FELIZ ANO-NOVO!
Um ano termina; outro se inicia. Sucessivamente. E o que é que muda
nessa simples substituição de números além do fato de termos de trocar os
calendários que estão sobre as mesas e em nossas carteiras, as folhinhas que
estão penduradas nas paredes e as agendas onde marcamos nossos
compromissos e anotações? Nada! Absolutamente nada muda! Tudo não passa
de mais um dia depois do outro.
Por que, então, insistimos em acreditar (ou pelo menos desejar) que tudo
mudará? Por que, ano após ano, voltamos a ter, no ano-novo, a esperança de
um futuro muito melhor, mesmo que os sucessivos anos de nossa vida tenham
sido calamitosos? Por que precisamos dessa crença em que todos serão
abençoados com trezentos e sessenta e cinco dias maravilhosos, nos quais só
ocorrerão fatos auspiciosos a cada um, à sociedade e ao Universo, sem crises
econômicas, sem guerras, sem fome, sem catástrofes nem cataclismos?
Sabemos que tudo permanecerá como dantes, mas insistimos em acreditar (ou
pelo menos desejar) que tudo mudará. Por quê?
RAZÃO PARA VIVER
Acreditamos nisso porque, segundo Freud, precisamos dos devaneios, das
fantasias, dos sonhos, para nos estimular a desenvolver-nos pessoalmente. Não
dos sonhos que temos durante o sono, mas daqueles que criamos em nossa
mente no dia a dia e que nos levam a crer que somos o que queremos ser,
daqueles que criamos para contrabalançar as frustrações que se nos apresentam
cotidianamente e que, muitas vezes, nos deixam prostrados, sem reação. Se
não tivéssemos a certeza de que podemos nos melhorar, não haveria razão para
a vida humana tal qual ela é. Agiríamos como animais irracionais, apenas
satisfazendo nossos instintos, realizando, sem raciocinar, ações que satisfaçam
os desejos imediatos. Não pensaríamos na preservação da espécie nem na
melhora da sociedade. Não nos preocuparíamos com a educação das crianças;
não haveria escolas; não haveria livros; a internet não existiria. Viveríamos,
simplesmente viveríamos, um dia depois do outro. Como os animais irracionais.

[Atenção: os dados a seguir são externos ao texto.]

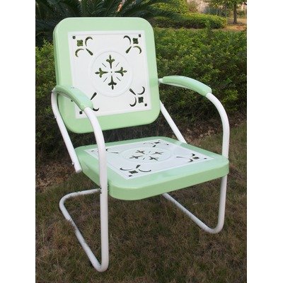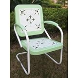 This retro outdoor chair is great for all of your outdoor needs. The seats and backrests are trimmed in a vibrant shade of vintage lime to give this set a little fun. The decorative cutout design makes this chair a very stylious and sophisticated look. The metal arms with lime colored metal capped armrest are a finishing touch to an outstanding chair. The metal is finished in a rich powder coated paint making it great for that special patio or outdoor area. Clean with a dry non abrasive cloth. Assembly required.

Mas não é isso que queremos para nós e para nossos familiares.
Queremos uma vida melhor, queremos saúde, dinheiro, paz, felicidade.
Queremos esperança; não a esperança como simples ato de esperar algo, mas
a esperança como confiança. Temos confiança em que conseguiremos bom
êxito, em que teremos resultados satisfatórios em tudo o que empreendermos;
senão, não o faríamos. Confia-se em Deus, em Buda, em Confúcio, em Brâman,
em Tupã, em deuses da mitologia grega ou da nórdica, em orixás ou xamãs.
Temos de confiar em que existe algo superior a nós, que nos ajudará a atingir
nossos objetivos, pois sabemos o quão difícil é isso.
VIDA BOA X BOA VIDA
O bom êxito e os resultados satisfatórios, porém, não devem ficar restritos
à vida social. Não devemos querer um futuro melhor tão só financeira e
profissionalmente, mas sim devemos buscar aquilo a que os filósofos gregos
antigos chamavam de "vida boa", cujo significado não é ter uma "boa
vida", no sentido de viver de forma prazerosa, de desfrutar com
satisfação todos os momentos da existência, mas sim ter uma vida de virtudes,
em que predomine a essência da humanidade: sabedoria, coragem, justiça,
temperança.
Os gregos possuíam um modelo de vida moral a que chamavam de
"areté" (ou aretê), que consistia em agir à busca da estética espiritual,
em agir objetivando a nobreza das ações, a grandeza de caráter, e isso se
consegue não apenas com o desejo (abstrato) de que algo exterior a si se
melhore para melhorar a si próprio, mas sim com o propósito (concreto) de ser
uma pessoa melhor a fim de melhorar a si próprio e ajudar os demais a se
melhorarem também, melhorando, assim, o que está exterior a si.
DEVANEIOS, FANTASIAS, SONHOS
Temos devaneios, fantasias e sonhos, segundo Freud. Usemos, então,
essa característica para beneficiar a nós mesmos. Para isso, é só passar a
imaginar que temos disposição para a estética espiritual; é só adquirir
voluntariamente essa disposição e agir os melhores atos para atingir a
excelência da nossa própria humanidade. Assim não haverá pura e
simplesmente um dia depois do outro, pois passaremos a ser elementos
agentes da mudança que queremos e que não ocorrerá tão somente na virada
do ano, mas sistematicamente em nossa vida.